After four years of asking
the Georgia Environmental Protection Division (EPD) for a decision on
Hercules’s Title V permit application, the EPD finally issued the draft
permit in June 2002. GEC diligently met the short statutory deadlines for
commenting on that permit, and the final permit was issued in November
2002. Again the Plaintiffs met the short time frame for action and filed a
Petition with EPA to object to the permit in January 2003.

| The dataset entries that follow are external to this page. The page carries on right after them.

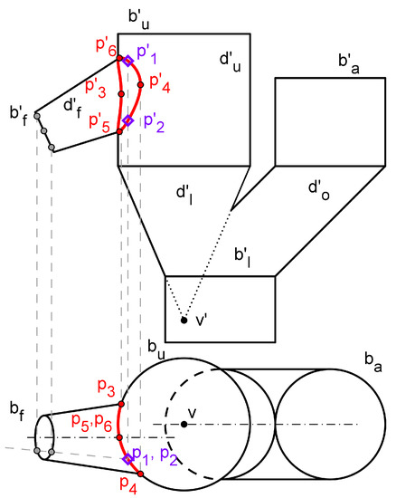 To illustrate this method, Figure 3 presents the computation of the intersection between an oblique cone with an oblique cylinder according to Equation (2). The surfaces are defined by their circular sections with a horizontal plane (bases) and their axis (and vertex v’ − v in the cone). The vertical contour of the cone has been added to facilitate the interpretation.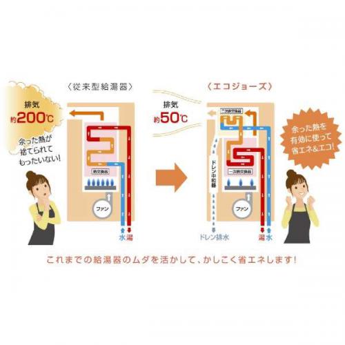 「エコジョーズ」とは、少ないガス量で効率よくお湯を沸かす省エネ性の高い給湯器です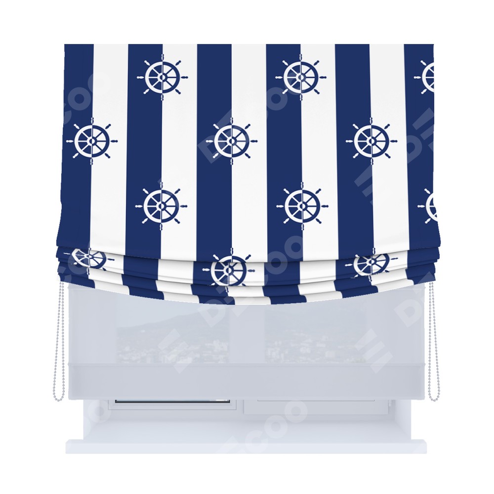 Римская штора «Кортин», день-ночь с мягкими складками, «Полоски и штурвалы»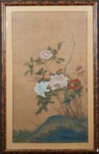 Chinese schildering op zijde: bloemen, niet gesigneerd, 90 × 52 cm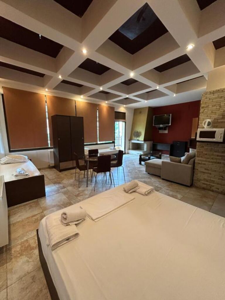 O cameră cu cinci paturi fără bucătărie (Deluxe Suite) are un pat francez, două paturi single și o canapea în aceeași cameră cu o chicinetă (fără plită, dar cu chiuvetă, frigider, fierbător și cuptor cu microunde). Este situată la primul etaj.
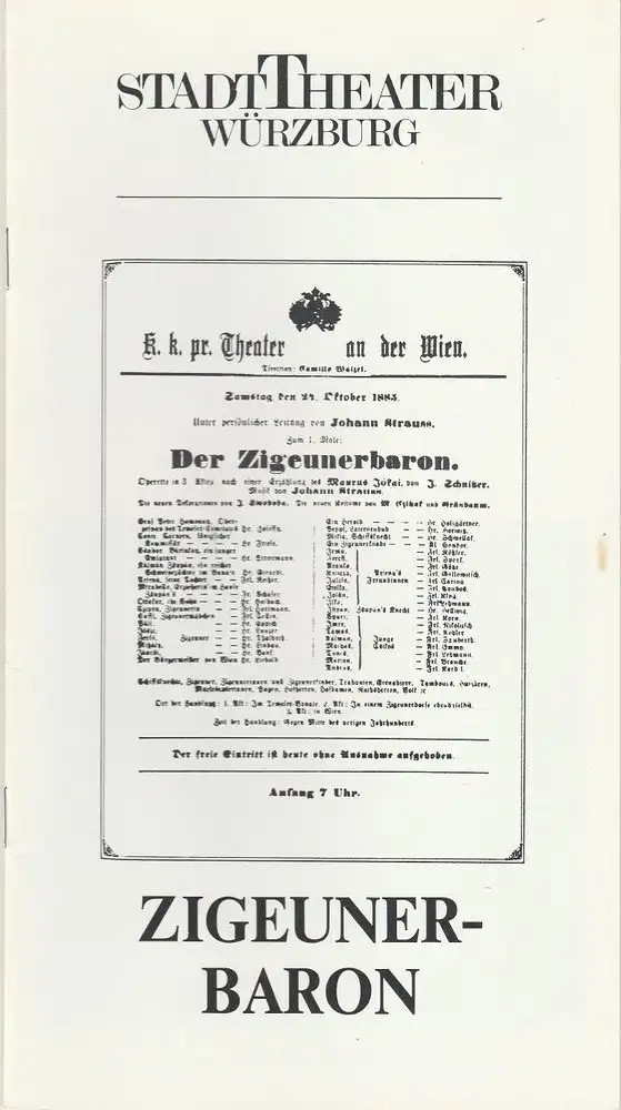 Stadttheater Würzburg, Achim Thorwald, Rainer Wahl: Programmheft Johann Strauß DER ZIGEUNERBARON Premiere 19. November 1987.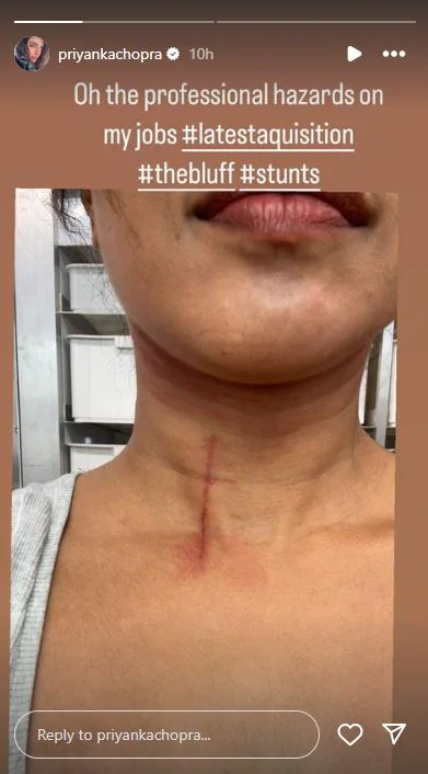 Bollywood superstar Priyanka Chopra, currently busy filming her upcoming movie “The Bluff,” encountered a professional hazard on the film set. The actress shared a photo on her Instagram story revealing a deep scratch on her throat. In the caption, she humorously acknowledged the challenges of her job, writing, “Professional hazards at my job #latestacquisition #thebluff #stunts (sic).”
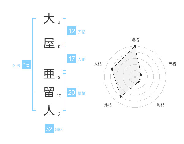 大屋 亜留人さんを姓名の画数から五運を鑑定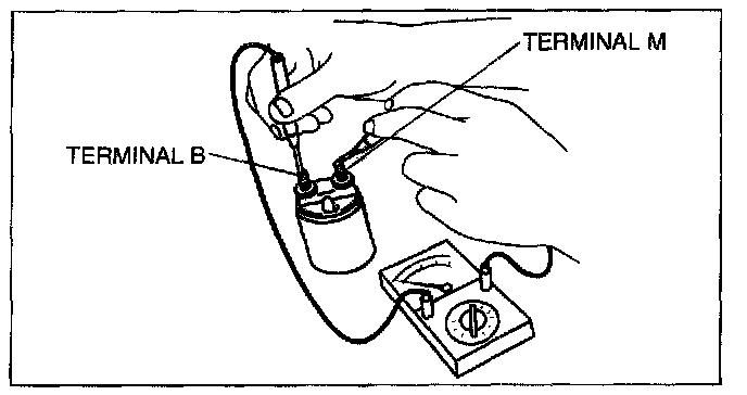3. Verify that there is no continuity between terminals M and B using a tester.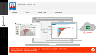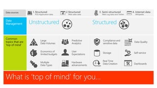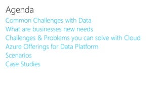 The document discusses the potential of leveraging data and analytics for businesses, highlighting a projected $1.6 trillion 'data dividend' available to companies that embrace innovative data practices. It outlines Microsoft's comprehensive end-to-end data platform and cloud services designed to facilitate real-time data analysis, empower employees, and enhance decision-making. Key trends such as the rise of IoT, diverse data types, and cloud computing are also emphasized, along with real-world examples of organizations benefiting from these technologies.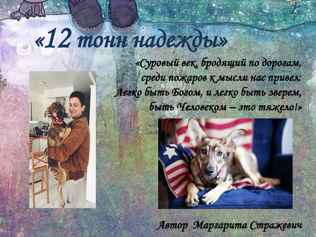 к мысли нас привел: Легко быть Богом, и легко быть зверем, быть Человеком – это тяжело!» Автор Маргарита Стражевич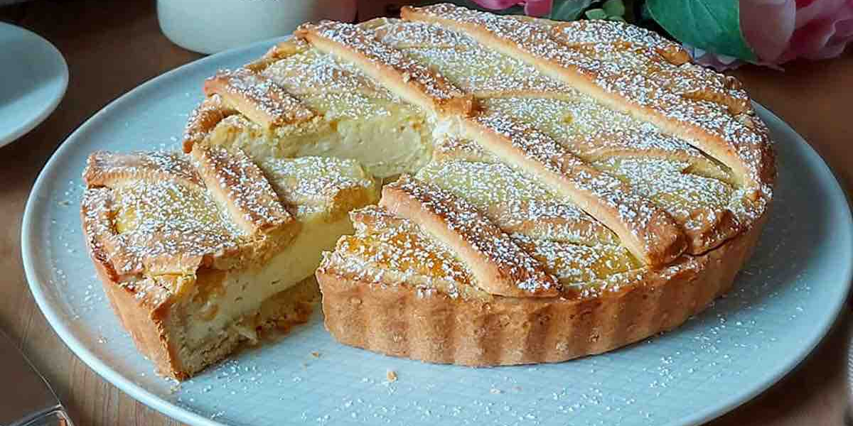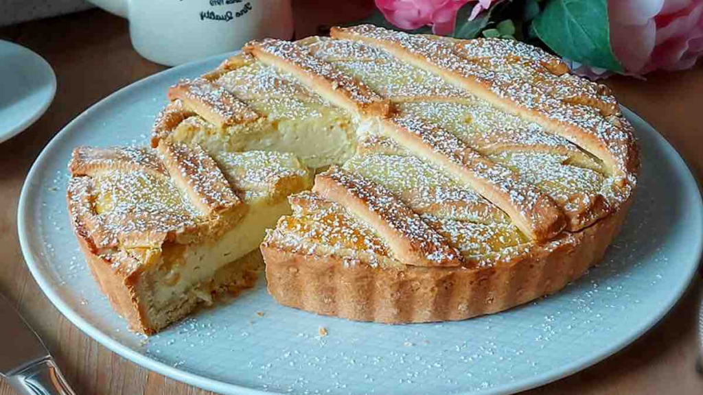 Una volta riposato, stendere 3/4 della pasta frolla. Foderare una tortiera da 24 cm imburrata e infarinata. Aggiungere il ripieno di crema. Con il resto dell’impasto decorate la crostata con le classiche strisce da crostata, avendo cura di sigillare bene i bordi.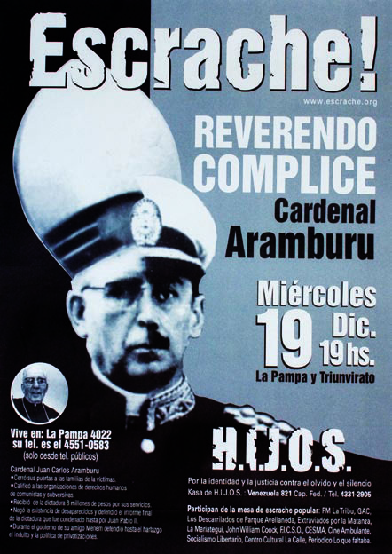 Para ese día 19 de diciembre, la agrupación H.I.J.O.S había convocado a un escrache al Cardenal Aramburu por su complicidad con las practicas genocidas de la pasada dictadura. El escrache iba a tener lugar en el barrio de Villa Urquiza en el norte de la Ciudad Autónoma de Buenos Aires. Ante la incertidumbre sobre si se iba a realizar o no, muchas personas concurrieron a la esquina de la avenida Triunvirato y La Pampa, donde referentes de la agrupación agradecieron la presencia pero informaron que por la seguridad de las y los manifestantes ante el reciente anuncio del estado de sitio decidieron postergar la movilización. El escrache se realizaría algunos meses después el fin de semana previo al 24 de marzo del 2002, en el marco de las actividad de repudio por un nuevo aniversario del golpe de estado.

Although the Clean Air Act mandates that the U.S. EPA must issue a decision
on a Petition within 60 days, the EPA has—with no communication at
all—flagrantly disregarded their duties to citizens and has to this day
failed to respond to that Petition.
“While
the EPA and the federal government have spent vast resources over the years
getting citizens’ complaints dismissed on procedural grounds such as not
meeting statutory time limits,” said Scott Randolph, an attorney with the
Legal Environmental Assistance Foundation in Tallahassee, Florida, “the
agency and federal government now spend taxpayer money to disregard and
delay their mandatory duties.”
Nonetheless,
the Answer filed by the U.S. EPA in April maintains that the Clean Air Act
and the Georgia state program do not require the agencies to consider other
air pollution and cumulative impacts when permitting major sources of air
pollution. Indeed, the EPD says that Brunswick’s air pollution is no worse
than other parts of the state.
“Apparently, rather than
ensuring that any city has clean air, the state agency is satisfied with
knowing that everyone is breathing unhealthy air equally. How refreshing to
know that our agencies are guaranteeing a race to the bottom,” said Daniel
Parshley with the Glynn Environmental Coalition. “The law is on the side of
healthy air. Now, if we could only get the agencies responsible for
regulating those laws on the side of healthy air.”